Les aéroports jouent aujourd’hui un rôle central dans la transformation du secteur de l’aviation civile qui fait face à de nombreux défis (dont l’acuité est particulière dans le contexte de la préparation des JO de Paris 2024).

  • La décarbonation : l’urgence environnementale est aujourd’hui au centre des préoccupations des acteurs de l’aéronautique.
    • Si les constructeurs de la chaine de valeur jouent un rôle essentiel dans la recherche et le développement des carburants alternatifs (dont le SAF ou sustainable aviation fuel, carburant alternatif issu de matières premières durables), leur démarche ne peut aboutir sans une concertation et même une véritable coopération internationale avec les aéroports qui doivent être en mesure d’accueillir les infrastructures nécessaires.
    • En outre, les aéroports veillent à réduire leur propre empreinte carbone par l’optimisation de leur fonctionnement pour contribuer à l’effort visant à atteindre les objectifs de décarbonation.

 

  • Augmentation du trafic: la croissance du trafic aérien mondial, quoique ralentie depuis la crise de la Covid-19, reprend en suivant la croissance économique partout dans le monde (traditionnellement et avant le COVID, la croissance du trafic aérien s’élevait à 2 fois le PIB et encore davantage concernant la Turquie, l’Inde et / Chine, étant précisé que le centre de gravité du trafic s’est déplacé vers le Moyen-Orient)
    • Ce mouvement d’optimisation commande par ailleurs de repenser les stratégies commerciales des aéroports : il devient nécessaire de limiter le temps passé par chaque passager dans l’aéroport, ce qui constitue un antagonisme avec les intérêts des commerces qui y sont implantés
    • L’augmentation des capacités est difficile à envisager car, outre les restrictions imposées par les normes de l’urbanisme, une expansion des aéroports se heurtera nécessairement à l’opposition des riverains. Par conséquent, les aéroports doivent miser sur la diversification des offres de destinations, ce qui remet en question la stratégie des grands hubs.

 

  • Enfin, les aéroports sont confrontés à des exigences particulières de sûreté; tout d’abord, l’augmentation du nombre de passagers impose d’optimiser le fonctionnement des aérogares tout en assurant un niveau de sûreté qui doit rester à la hauteur des menaces toujours présentes (terrorisme notamment) ; par ailleurs, les menaces  ont évolué : il s’agit notamment de cybercriminalité, de présence de drones ou encore de passagers indisciplinés, ce qui nécessite un effort constant de veille et de recherche pour maintenir leur résilience.

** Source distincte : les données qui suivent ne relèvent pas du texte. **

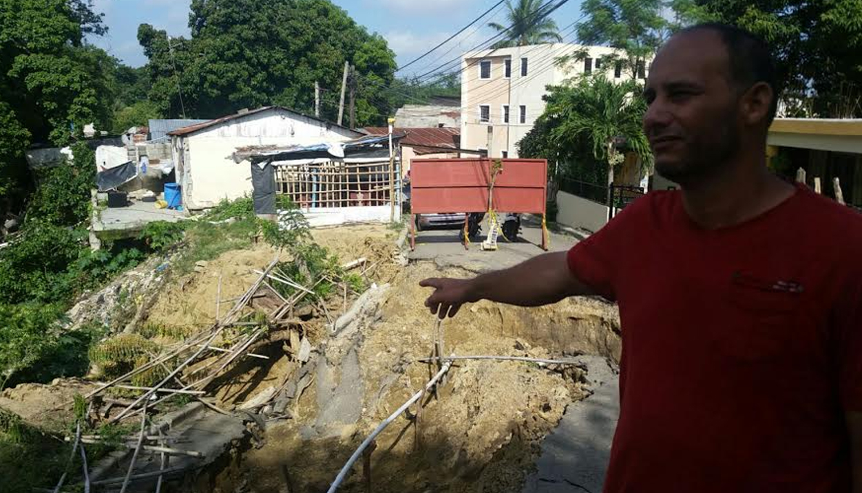 Joel Núñez, hablando en representación de las familias afectadas, se quejó de que hasta ahora esa institución oficial apenas se ha limitado a colocar letreros, advirtiendo sobre el peligro generado por el colapso de dicha calle, pero que su rehabilitación no ha comenzado.

Ces problématiques touchent l’ensemble du secteur aéronautique et il ne sera possible de réussir les transformations nécessaires que grâce à une coopération entre tous les acteurs, à grande échelle. Ainsi, on assiste à l’émergence de grands groupes aéroportuaires, à l’image de « Aéroports de Paris ». Loin de se limiter à la capitale française, ce groupe est présent dans plus de 130 aéroports partout dans le monde et il convient de saluer son essor.

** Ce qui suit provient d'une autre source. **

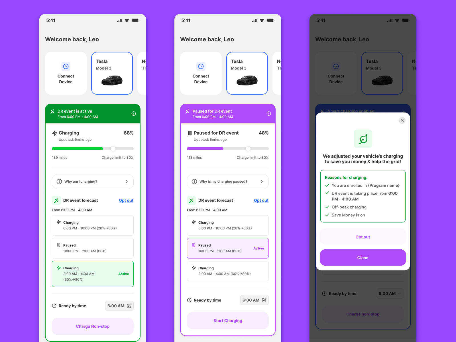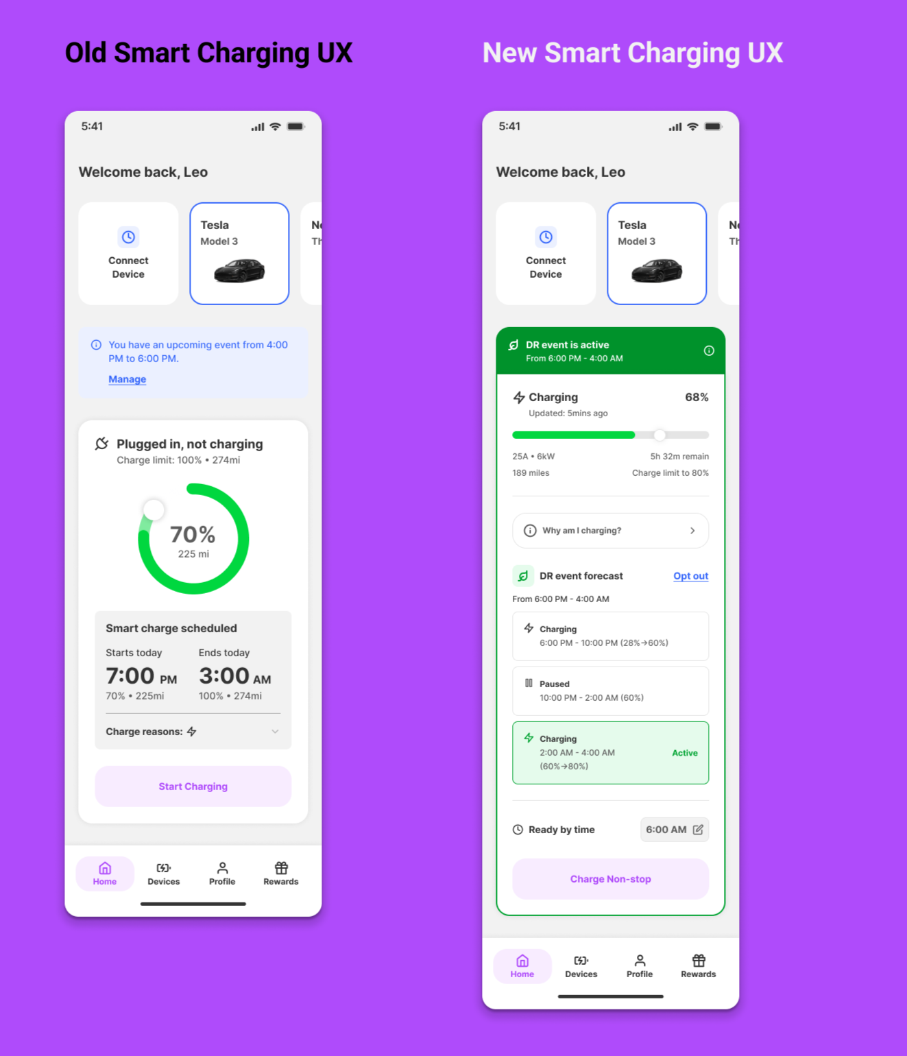 Customer support reports and user research pointed to one core problem — users couldn't tell what Smart Charging was doing, so they turned it off. I redesigned the experience with three targeted fixes: a charging schedule timeline for visibility, a color system for every charging state, and a contextual modal explaining why Smart Charging is acting on their behalf.

Cette expansion favorise l’efficacité dans la gestion des risques les plus diversifiés. Outre les moyens de recherche et de développement mis en œuvre pour assurer la sécurité et la sûreté en amont, les équipes des groupes aéroportuaires affinent en permanence leur savoir-faire dans la gestion de crises sanitaires, politiques ou sécuritaires pour ensuite en faire bénéficier l’ensemble du groupe et pouvoir ainsi réagir rapidement.

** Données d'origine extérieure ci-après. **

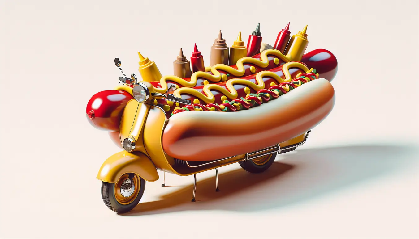 Til slutt; hvem kan vel motstå en mopedbil bygd som en hotdog – komplett med kunstig sennep, ketchup og til og med løkpynt? Her har designerne latt grillkosen ta helt overhånd, og det ser ikke ut som kjøretøyet hører hjemme noe annet sted enn på vei til tivoli eller gatefestival. Et sikkerstikk for sultne sjeler, og maskinen for deg som vil være både grillkongen og kjøretøyentusiasten i ett og samme smilende, pølseformede skall.

La coopération pour la transformation du transport aérien n’est pas limitée aux acteurs aéronautiques. En effet, la gestion de la croissance du nombre des passagers dans les conditions de capacités limitées impose d’encourager et de développer des solutions d’intermodalité des transports, ce qui est mis en œuvre en collaboration avec les transporteurs ferroviaires et routiers.

Enfin, la transformation du secteur aérien serait impossible sans le soutien des pouvoirs publics qui ont pour rôle d’encourager la concurrence et stimuler l’émergence de nouvelles façons de fonctionner.

La mobilisation des aéroports aux côtés de tous les acteurs impliqués contribue à une transformation globale pour répondre à ces défis de taille. L’aviation civile continue d’assurer son rôle d’accélérateur de croissance et de coopération internationale tout en préparant un avenir qu’on espère plus durable et toujours aussi sûr, particulièrement en prévision des JO de Paris en 2024.